Since you bring it up, I've always considered numerical methods as firmly a part of applied mathematics. Combinatorial search and optimization problems are in the heartland of CS. The simplex method straddles numerical optimization and combinatorial optimization and is a bit of a hermaphrodite. Low-dimensional LPs are important in computational geometry and that field has produced some beautiful algorithms. Here's Seidel's randomized algorithm: Throw out a random hyperplane and solve the smaller problem recursively. If this optimum satisfies the excluded constraint then we are done. Otherwise the true optimum must lie on the hyperplane, so we can reduce the dimension of the problem by 1.
> Net, without the math, there is little reason to take the algorithm seriously.
An algorithm _is_ mathematics.
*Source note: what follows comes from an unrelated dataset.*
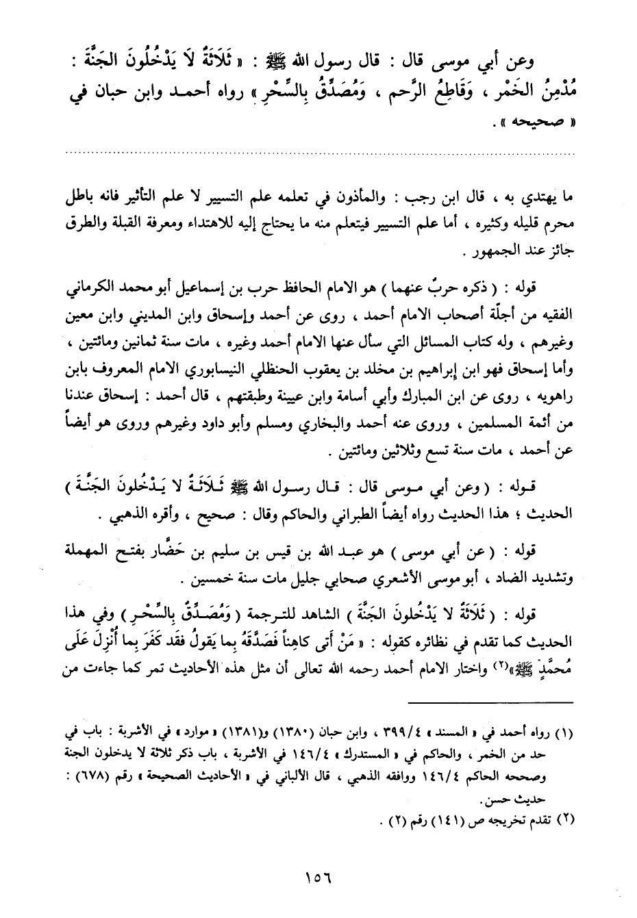 قوله: "ثلاثة لا يدخلون الجنة " الشاهد للترجمة "ومصدق بالسحر " وفي هذا الحديث كما تقدم في نظائره كقوله: " من أتى كاهنا فصدقه بما يقول فقد كفر بما أنزل على محمد صلي الله عليه وسلم "2 واختار الأمام أحمد - رحمه الله تعالى - أن مثل هذه الأحاديث تمر كما جاءت من

The reason I said you seemed ignorant of computer science is this apparent belief that computer science is a random bunch of algorithms without any supporting theory.
> Well, to take the algorithm seriously, we need more than just the algorithm
Your premise is based on a strawman. How do you think algorithms are designed? They aren't generated randomly. They are generated based on exactly the kind of insight that generates theorems and proofs. There may not be tight proofs of every property we'd like to know for certain. That is certainly true for the simplex method! Its worst-case running time is exponential (e.g. Klee-Minty), and there is a small cottage industry devoted to proving its running time is polynomial in the average case (for various definitions of 'average case'). People have been using the simplex method very effectively since its inception despite knowing that its pathological behavior can be very bad indeed. Had you wanted to make your point more effectively, you should have picked interior point methods, which have the additional benefit of working for a much wider class of convex problems like SDPs.
> Claim: If z is bounded above on F, then z achieves its least upper bound. Note: The proof is not just usual analysis with converging sequences from Rudin's 'Principles'.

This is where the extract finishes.